Task description - Among the entries below, find the line with "以同學了解的電影主題引發討論" and the line with "Har jeres skole". Return exactly those lines and every line between them, but no pictures.

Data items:
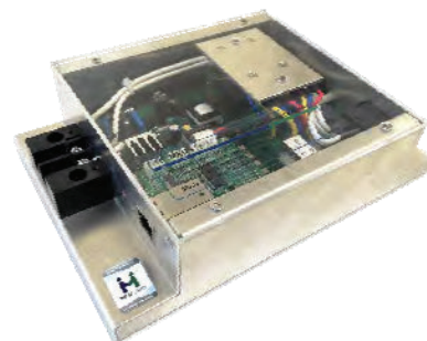
蛍光灯調光装置 特許第 3634982 号 特許第 3735673 号 他
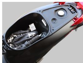
ディオ110 メットインにすっぽり

●TDX-01B はフラットバージョイント構造により、コンパクトで使いやすいロック。横一定方向への可動で脱着時に安定し、メットインに収納できるほどコンパクトに折り畳めます。
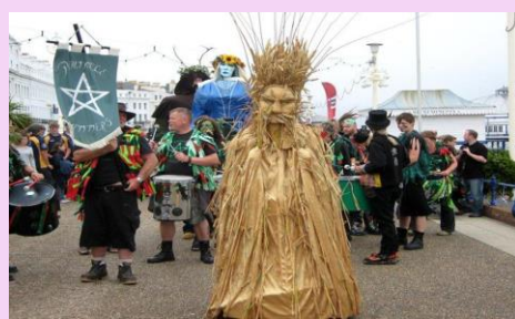
ラマス・フェスティバル イギリス（8月1日） イングランド、スコットランド、ウェールズ、 北アイルランドでの小麦の初収穫
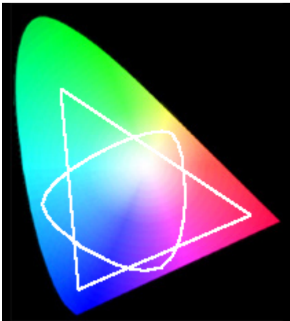
El gamut genérico de un monitor RGB comparado con el gamut genérico de un dispositivo de impresión CMYK.

El gamut de color de un dispositivo de impresión es distinto del de un monitor, aunque ambos sean subconjuntos de un mismo diagrama de cromaticidad (es decir de los colores visibles para el ojo humano). El gamut de un aparato de impresión suele ser más limitado que el de un monitor. Dicho de otro modo: Una impresora sólo puede reproducir una parte del gamut de un monitor. Dependiendo de las combinaciones impresora/monitor, habrá algunos casos de colores que se pueden imprimir pero que un monitor no podrá reproducir.
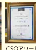
CSOアワード アイデア賞受賞
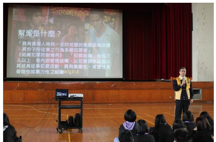
以同學了解的電影主題引發討論
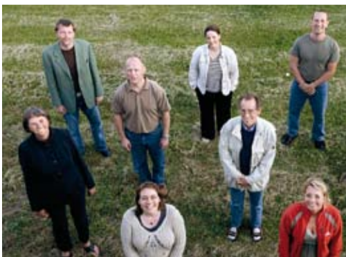
Landets første trivselsambassadører blev udpeget på Skelgårdsskolen i Kastrup.

Har jeres skole indført trivselsambassadører? Ellers var det måske en idé at gøre det. Trivselsambassadørerne er typisk to forældre fra hver af skolens faser (indskoling, mellemtrin og udskoling) som følger med i trivslen inden for deres afdeling og kommer med forslag til arrangementer og initiativer der løfter trivslen, og denne rolle har været afprøvet på flere hundrede skoler i de sidste to år. Hvis skolebestyrelsen vælger en af forældrerepræsentanterne til at være ansvarlig for området og indgå i gruppen af trivselsambassadørerne, kan trivselsambassadørernes initiativer koordineres med skolebestyrelsens arbejde med værdiregelsæt, ordensregler, handlingsplan mod mobning m.m. Også på dette område kan I bestille materialer fra Skole og Forældre, eller I kan trække på instruktører der kan holde kurser for forældrene som opstart på ordningen.
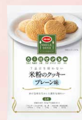
CO-OP 7品目を使わない 米粉のクッキー プレーン味 1個

※「ワン・モア・ライス」やってみた宣言」や「ワン・モア・ライス」アイデア」は何回でも投稿していただけますが、プレゼントの応募は期間中1人1口とさせていただきます。なお、プレゼント企画の対象は組合員とさせていただきます ※賞品の発送は11月中旬を予定しています。厳正な抽選により当選者を決定し、賞品の発送をもって発表にかえさせていただきます。 なお、抽選方法や当選についてのお問い合わせは受け付けておりません
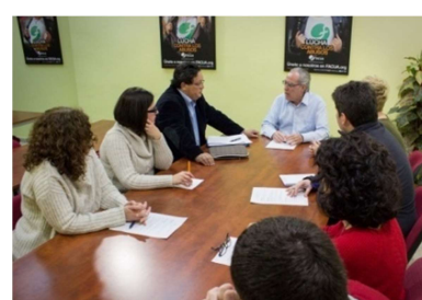
Fundación FCCR, ASPEC y ODECU

Exercise result -
以同學了解的電影主題引發討論
Landets første trivselsambassadører blev udpeget på Skelgårdsskolen i Kastrup.

Har jeres skole indført trivselsambassadører? Ellers var det måske en idé at gøre det. Trivselsambassadørerne er typisk to forældre fra hver af skolens faser (indskoling, mellemtrin og udskoling) som følger med i trivslen inden for deres afdeling og kommer med forslag til arrangementer og initiativer der løfter trivslen, og denne rolle har været afprøvet på flere hundrede skoler i de sidste to år. Hvis skolebestyrelsen vælger en af forældrerepræsentanterne til at være ansvarlig for området og indgå i gruppen af trivselsambassadørerne, kan trivselsambassadørernes initiativer koordineres med skolebestyrelsens arbejde med værdiregelsæt, ordensregler, handlingsplan mod mobning m.m. Også på dette område kan I bestille materialer fra Skole og Forældre, eller I kan trække på instruktører der kan holde kurser for forældrene som opstart på ordningen.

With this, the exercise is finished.